Even with such care, the translation is not perfect. In places a variant reading is possible, a variant interpretation plausible. We can only claim that an honest effort has been made to be both accurate and clear, and submit the result of our labors to a fair and scholarly criticism. Critics can hardly be more severe than we have been to one another. If they find errors, it may be that we have seen them, and preferred the seeming error to the suggested correction; if not, we can accept criticism from others as gracefully as from each other.

The sources from which our translations have been made are the best texts available in each case. In general, these are found in the Weimar Edition (D. Martin Luthers Werke. Kritische Gesammtausgabe. Weimar. Hermann Böhlaus Nachfolger, 1883 ff.), so far as this is completed. A more complete and fairly satisfactory edition is that known as the Erlangen Edition, in which the German and Latin works are published in separate series, 1826 ff. The text of the Berlin Edition (Luthers Werke, herausgegeben von Pfarrer D. Dr. Buchwald, etc., Berlin, C. A. Schwetschke und Sohn, third edition, 1905, ten volumes) is modernized, and where it has been used it has been carefully compared with the more critical texts. The two editions of Walch—the original, published 1740-1753, in twenty-four volumes, at Halle, and the modern edition, known as the St. Louis, Mo., edition, 1880 ff.—are entirely German, and somewhat modernized. For our purpose they could be used only as helps in the interpretation, and not as standard texts for translation. A very convenient and satisfactory critical text of selected treatises is to be found in Otto Clemen, Luthers Werke in Auswahl, Bonn, 4 vols., of which two volumes appeared in 1912.

WORKS OF MARTIN LUTHER

SELECTIONS FROM LUTHER'S PREFACES TO HIS WORKS 1539 and 1545

I

LUTHER'S PREFACE TO THE FIRST PART OF HIS GERMAN WORKS[1]
EDITION OF 1539

I would gladly have seen all my books forgotten and destroyed; if only for the reason that I am afraid of the example.[2] For I see what benefit it has brought to the churches, that men have begun to collect many books and great libraries, outside and alongside of the Holy Scriptures; and have begun especially to scramble together, without any distinction, all sorts of "Fathers," "Councils," and "Doctors." Not only has good time been wasted, and the study of the Scriptures neglected; but the pure understanding of the divine Word is lost, until at last the Bible has come to lie forgotten in the dust under the bench.

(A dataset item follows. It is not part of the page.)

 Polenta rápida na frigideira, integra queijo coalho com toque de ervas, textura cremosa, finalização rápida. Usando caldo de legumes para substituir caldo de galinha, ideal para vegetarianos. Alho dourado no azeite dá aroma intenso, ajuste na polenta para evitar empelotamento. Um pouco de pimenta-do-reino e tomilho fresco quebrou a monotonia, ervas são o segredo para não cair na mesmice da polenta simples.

Although it is both useful and necessary that the writings of some of the Fathers and the decrees of some of the Councils should be preserved as witnesses and records, nevertheless, I think, est modus in rebus,[3] and it is no pity that the books of many of the Fathers and Councils have, by God's grace, been lost. If they had all remained, one could scarce go in or out for books, and we should still have nothing better than we find in the Holy Scriptures.

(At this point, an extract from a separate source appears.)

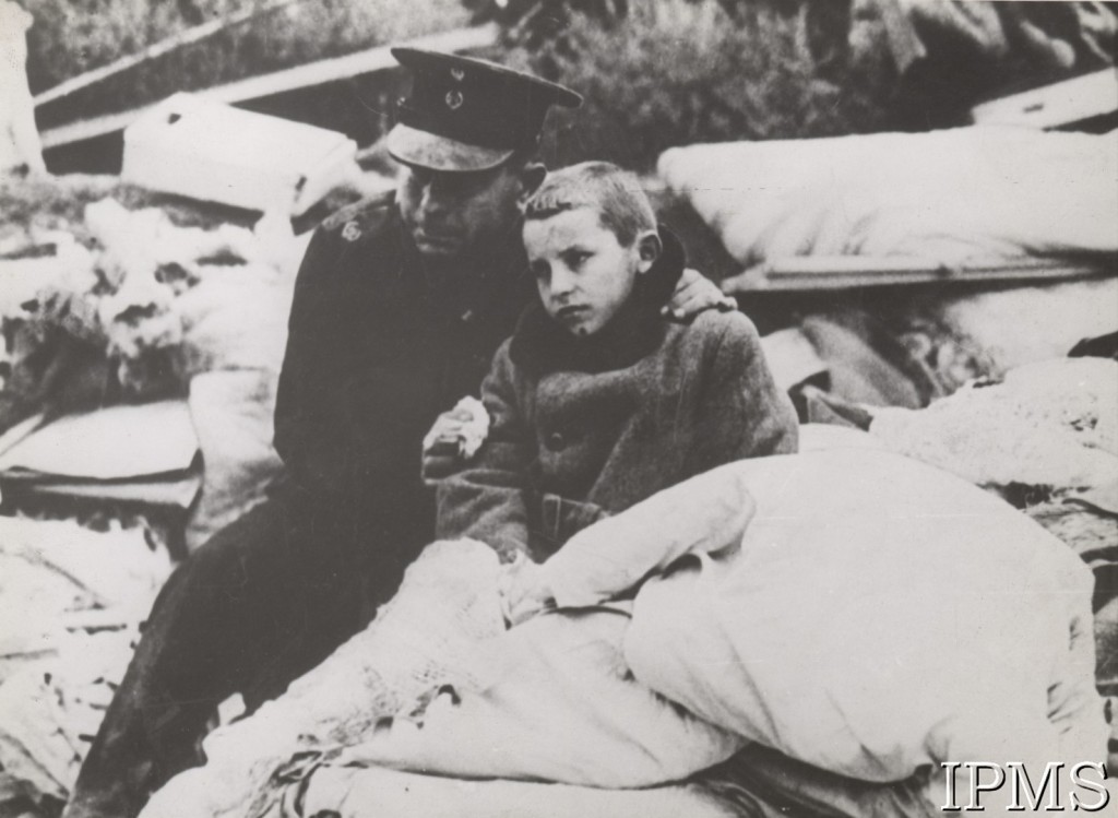 1939, Polska. Mężczyzna w mundurze i chłopiec siedzą na gruzach domu. Fot. NN/IPMS w Londynie

Then, too, it was our intention and our hope, when we began to put the Bible into German, that there would be less writing, and more studying and reading of the Scriptures. For all other writings should point to the Scriptures, as John pointed to Christ; when he said, "He must increase, but I must decrease." [John 3:30] In this way every one may drink for himself from the fresh spring, as all the Fathers have had to do when they wished to produce anything worth while. Neither Fathers nor Councils nor we ourselves will do so well, even when our very best is done, as the Holy Scriptures have done; that is to say, we shall never do so well as God Himself. Even though for our salvation we need to have the Holy Spirit and faith and divine language and divine works, nevertheless we must let the Prophets and Apostles sit at the desk, while we sit at their feet and listen to what they say. It is not for us to say what they must hear.